I tried to unpack dates into YMD and added these as into the dataframe.我试图将日期解压缩到 YMD 中并将它们添加到数据框中。 Then I created a groupby object to iterate through.然后我创建了一个 groupby 对象来迭代。
date_counter_df.loc[:,'year'] = [x.year for x in date_counter_df.index]
date_counter_df.loc[:,'month'] = [x.month for x in date_counter_df.index]

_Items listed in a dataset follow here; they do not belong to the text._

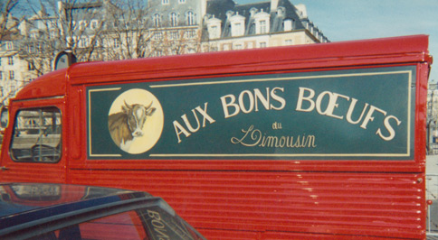 Réalisation d'une enseigne "Aux Bons Boeufs du Limousin" sur chacun des cotés de la camionnette, pour la série TV.
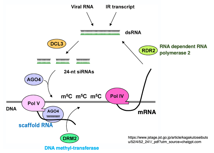 In seed plants, RNA-directed DNA methylation (RdDM) suppresses the expression of transposons, repetitive sequences, and viruses by blocking the initiation of their transcription.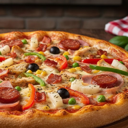 Molho, Muçarela, Presunto, Calabresa, Bacon, Frango, Ervilha, Milho, Palmito, Abacaxi, Pimentão, Tomate, Azeitona e Orégano. (Imagem meramente ilustrativa)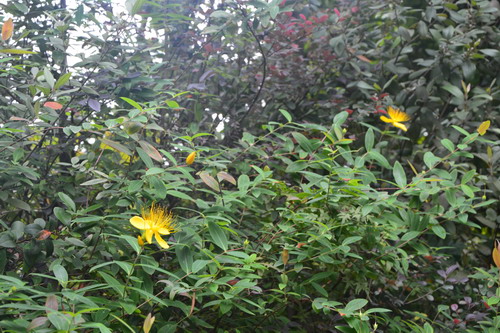 金丝桃(Hypericum monogynum L.)为金丝桃科植物,半常绿小乔木或灌木。地上每年生长季末枯萎,地下为多年生,小枝纤细且多分枝,叶纸质,无柄,对生,长椭圆形,花期5—8月,果期8—9月。金丝桃花呈5瓣,不但花色金黄,且其呈束状纤细的雄蕊花丝如同金丝,十分惹人喜爱,因为它在阳光下呈明亮纯粹的金黄色,又被称作金线蝴蝶、金丝海棠。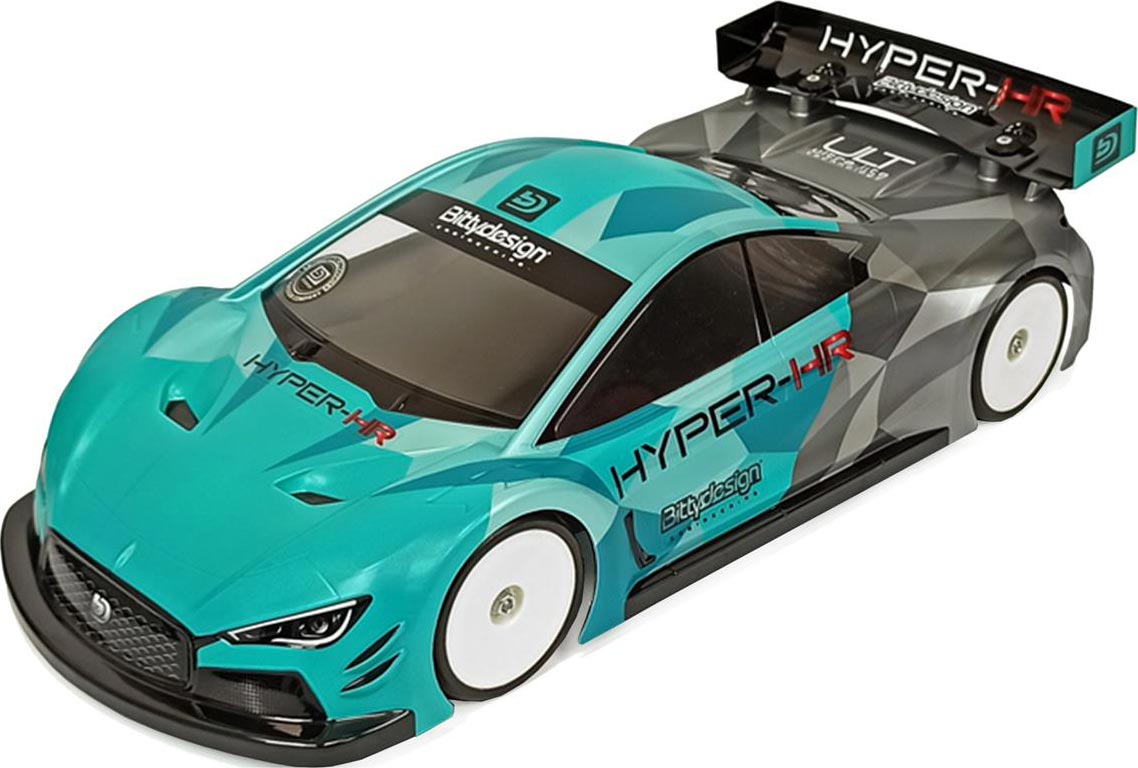 The design, inspired by a real car and adapted to the measurements necessary for homologation took several months to optimize every single detail. The HYPER-HR is a touring body with a modern look and that is guaranteed to excel in the 190mm category and provide an optimal level of performance and balance. The body shell complies with all EFRA, IFMAR, ROAR, BRCA and FEMCA homologation specs, so it can be used in any National and International race.

date_counter_df.loc[:,'day'] = [x.day for x in date_counter_df.index]
result = {}
for to_unpack, df_res in date_counter_df.groupby(['year','month','day']):
year, month, day = to_unpack
try:
result[year]
except KeyError:
result[year] = {}
try:
result[year][month]
except KeyError:
result[year][month] = {}
try:
result[year][month][day]
except KeyError:
result[year][month][day] = {}
result[year][month][day] = df_res
Result looks like this from the original dataset;原始数据集的结果是这样的;
{2019: {10: {17: sensor-id Totalt i retning Kristiansand Totalt i retning Oslo \
Date
2019-10-17 11219V22151 0 0
1 2 3 4 Totalt Totalt i retning Fianex Rv 415 \
Date
2019-10-17 2702 2615 0 0 5317 2614
Totalt i retning Stølen X Rv 420 year month day
Date
2019-10-17 2703 2019 10 17 ,
30: sensor-id Totalt i retning Kristiansand Totalt i retning Oslo \
Date
2019-10-30 11219V22151 0 0
1 2 3 4 Totalt Totalt i retning Fianex Rv 415 \
Date
2019-10-30 2729 2589 0 0 5318 2589
Totalt i retning Stølen X Rv 420 year month day
Date
2019-10-30 2729 2019 10 30 },
12: {28: sensor-id Totalt i retning Kristiansand Totalt i retning Oslo \
Date
2019-12-28 61942V2809673 3134 3461
1 2 3 4 Totalt Totalt i retning Fianex Rv 415 \
Date
2019-12-28 333 494 2801 2967 6595 0
Totalt i retning Stølen X Rv 420 year month day
Date
2019-12-28 0 2019 12 28 }},
2020: {2: {19: sensor-id Totalt i retning Kristiansand Totalt i retning Oslo \
Date
2020-02-19 71445V2809674 5006 5202
1 2 3 4 Totalt Totalt i retning Fianex Rv 415 \
Date
2020-02-19 686 747 4320 4455 10208 0
Totalt i retning Stølen X Rv 420 year month day
Date
2020-02-19 0 2020 2 19 }}}
Now I only will need to add the totals for both Years and Months as dict items.现在我只需要将 Years 和 Months 的总数添加为 dict 项目。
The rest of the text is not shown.